In risking to relate to each of us, although we can ignore or reject him, he exposes the smallness and self-centeredness of risking only for our family and friends and people who love us back:

“You have heard that it was said, ‘Love your neighbor and hate your enemy.’ But I tell you, love your enemies and pray for those who persecute you, that you may be children of your Father in heaven. He causes his sun to rise on the evil and the good, and sends rain on the righteous and the unrighteous. If you love those who love you, what reward will you get? Are not even the tax collectors doing that? And if you greet only your own people, what are you doing more than others? Do not even pagans do that? Be perfect, therefore, as your heavenly Father is perfect.” (Matthew 5:43-48)

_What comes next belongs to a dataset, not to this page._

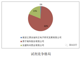 對我們來講,配套試劑 FDG 注射液的制備純化和純度分析需要用到液相色譜,而 FDG 注射液目前主要是國內(nèi)公司占據(jù)主要市場份額,PDB 數(shù)據(jù)庫顯示南京江原、原子高科、安盛科興基本占據(jù)全部市場。其中原子高科的市場占有率高,達(dá)到近 80%,主要?dú)w功于其市場布局較為完善,價格低于安盛科興。

“Perfect” according to Jesus, seems to involve a generous and radical love for the whole world.  That is exactly what the church is designed to do—to love and include those who aren’t “our own people.”  We can’t do it fully on our own as individuals, and that’s why we are organized as a Circle of Hope.  Together we risk to relate to the next person who is looking for Jesus, or the next 1000 people.  Doing it together means that not everyone has to be a super social extrovert.  Some people will clean the meeting space, pay the bills, work the technology.  But we do need to talk to each other. In taking the risk together to be a people, we expose the lie of privatized religion and get into the kind of love that Jesus is actually demonstrating.

Jesus doesn’t take risks on his own, either.  He looks to the Father for direction, identity, purpose, communion, and rest.  In a very real sense, then, there is safety in his risk-taking.  Even as he is risking everything, no power on earth or heaven can take him out of the Father’s hand.  He is truly safe in that love, the eternal reality of that basic relationship, no matter what he endures.  There is safety for us in obedience to God, too.  Being “in Christ” brings safety and risk together.

Our country seems bent on ensuring safety these days, a fearful reaction to all we can’t control. Think about the emphasis in the last 50 years on homeland security, surveillance cameras, seatbelt and helmet laws, personal injury lawsuits.  Our leaders seem to be obsessed with protecting what’s “ours” and keeping others out. We keep building prisons for a prison population that has quadrupled since 1980.  We’ve seen police-state interventions to crime that seem intended to intimidate and silence the populous back into individualized pods.  And the market economy gives us lots of toys to play with there, for those that can afford to play.

What’s interesting is that the more “safety”-dazed Americans become, the more people are drawn into high-risk behaviors of all kinds.  We’re seeing a wave of feel-good addictions, high-risk sports, gun violence, giant business upstarts. So based on the evidence, it’s clear that human beings are designed to risk; the capacity is in our nature and will be expressed. What we will risk for is the question.  Will we follow Jesus in risking for others, in obedience to God?  Will we relate with those who are unlike us or who don’t love us back yet? Or are we comfortably numb in our family and friend zones with the comforts we can afford, risking only for our own pleasures or success?

Let’s keep building a church that risks enough to be a safe place to explore and express God’s love for the whole world. Jesus didn’t protect a little piece of the pie as “his”; rather, he claims it all.  The Spirit of Jesus can touch our fear and isolation, and empower us to love and relate like that too.